Il presidente aggiunge che la prima tranche di 8 milioni all’IDI è stata versata senza “alcuna documentazione a sostegno” di come verranno utilizzati questi fondi ed evidenzia l’anomalia dell’erogazione complessiva di 25 milioni di dollari, quando “raramente in passato sono stati versati più di 200.000 dollari per una donazione.”
L’intero comitato incaricato della revisione dei conti sostiene la posizione del presidente ed esprime perplessità sul finanziamento di un ospedale coinvolto in uno caso di bancarotta e di corruzione che ha portato al recente rinvio a giudizio di 24 persone in un procedimento che vede un “passivo patrimoniale dell’IDI di 845 milioni di euro, 82 milioni a titolo di distrazione più l’utilizzo indebito di altri 6 milioni di fondi pubblici.”
Nonostante questo, il presidente del consiglio di amministrazione della Papal Foundation, il cardinale Wuerl, decide di sostenere in toto la posizione del Papa e del Vaticano appoggiando la richiesta di versare nelle casse disastrate dell’IDI l’enorme somma.
Nel dicembre scorso, il consiglio direttivo si riunisce dunque nuovamente per decidere se stanziare, dopo gli 8 milioni di luglio, altri 17 milioni di dollari all’IDI dei 25 richiesti e approva la decisione con una votazione passata grazie al sostegno dei 15 membri religiosi della fondazione, contro gli 8 voti contrari dei membri laici. A gennaio di quest’anno viene quindi versata un’altra tranche di 5 milioni di dollari nelle casse dell’ospedale romano.
Tutte queste circostanze portano alle dimissioni del presidente del comitato revisore dei conti e alle veementi proteste degli stewart preoccupati per un uso totalmente improprio dei loro fondi che andavano destinati a cause completamente differenti, come la lotta alla povertà nel mondo.

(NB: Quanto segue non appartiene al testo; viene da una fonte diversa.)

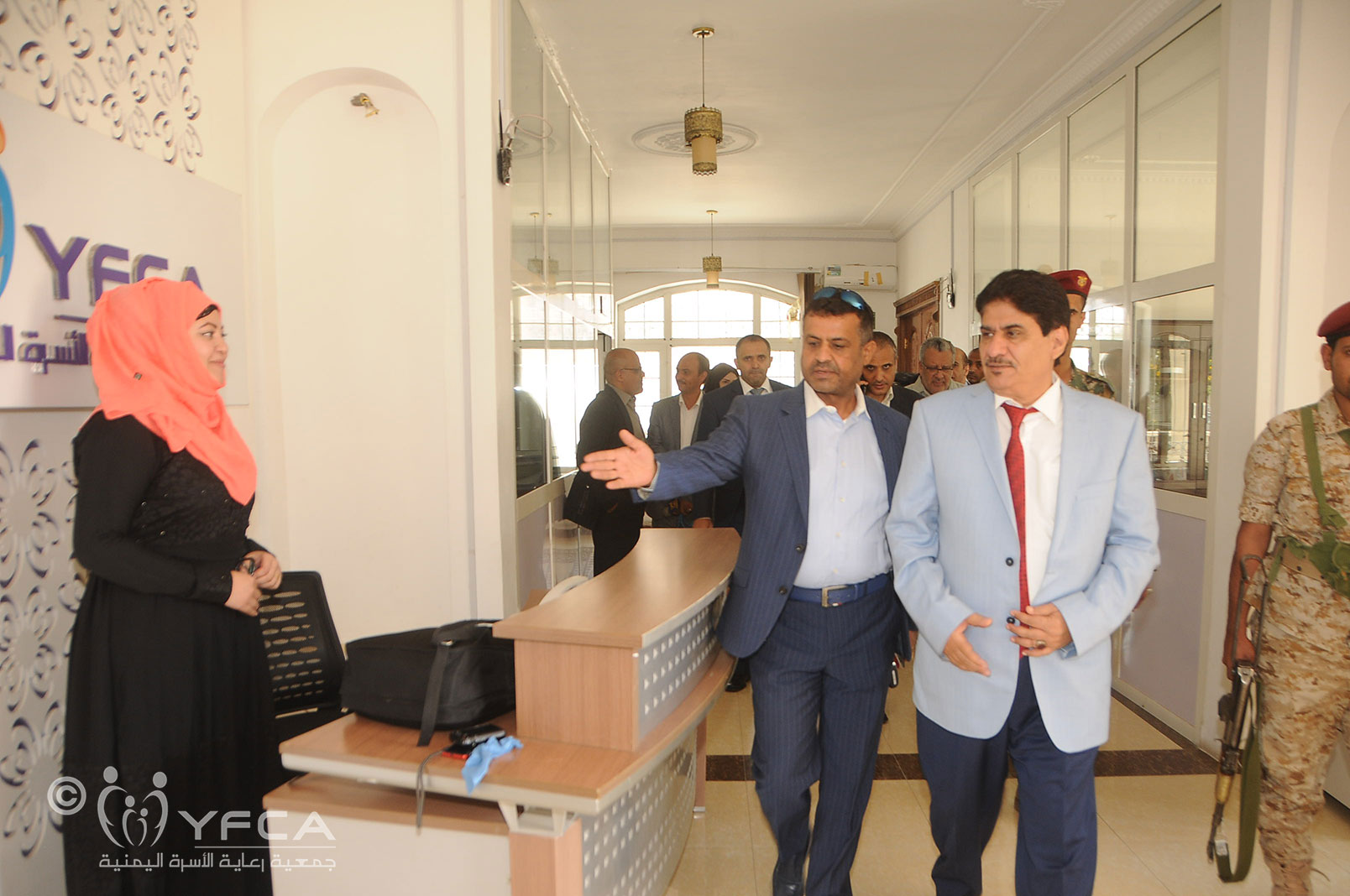 قام مدير منظمة الصحة العالمية في اليمن السيد نيفيو زجاريا ووزير الصحة العامة والسكان الدكتور محمد بن حفيظ بزيارة الى مستشفى الامومة الامنة التخصصي التابع لجمعية رعاية الاسرة اليمنية بمنطقة سعوان بامانة العاصمة حيث قاموا بجولة في مرافق المستشفى والعيادات التخصصية والصحة الانجابية.وابديا اعجابهما بالمستوى الراقي للخدمات الصحية التي يقدمها المستشفى للمواطنين..كما قام مدير منظمة الصحة العالمية ووزير الصحة بزيارة الى المقر الرئيسي للجمعية . وناقشوا مع المدير التنفيذي للجمعية الاخ نبيل العماري و اعضاء الجمعية الخدمات والتدخلات التي تقدمها الجمعية في مختلف المجالات المجتمعية .كما تم بحث مواضيع الشراكة القائمة والمستقبلية بين جمعية رعاية الأسرة اليمنية ومنظمة الصحة العالمية.

I tentativi di persuasione sui membri laici
Il 19 gennaio per placare gli animi degli stewart interviene direttamente il presidente della fondazione, il cardinale Bransfield che scrive una lettera firmata anche dai cardinali Dolan e Wuerl, dove si fa capire che la richiesta di questa donazione è arrivata direttamente da Papa Francesco e di appoggiarla “anche se molti di noi non approvano ogni sua decisione, ma lui è il Papa, e noi lo ascoltiamo, lo ascoltiamo con attenzione.”
Per cercare quindi di arginare il dissenso dei membri laici, il cardinale Wuerl scrive direttamente al segretario di Stato, il cardinale Parolin, per “chiedergli di non accettare altri fondi dopo l’approvazione della donazione di dicembre”, dal momento che metà della somma richiesta è già stata trasferita all’IDI.
Dalla lettera quindi sembra trapelare un non celato malcontento anche dei vertici direttivi della fondazione nei confronti di questa decisione del pontefice, ma nonostante questo si invita comunque a rispettare la volontà di Francesco per il voto di obbedienza fatto al Papa.
In Italia la vicenda non ha ancora suscitato un dibattito nell’opinione pubblica, ma non si può fare a meno di rilevare come gli iniziali impegni del Papa di utilizzare i mezzi a disposizione del Vaticano per la lotta alla povertà siano venuti meno per sostenere cause che non hanno nulla a che vedere con le opere di bene.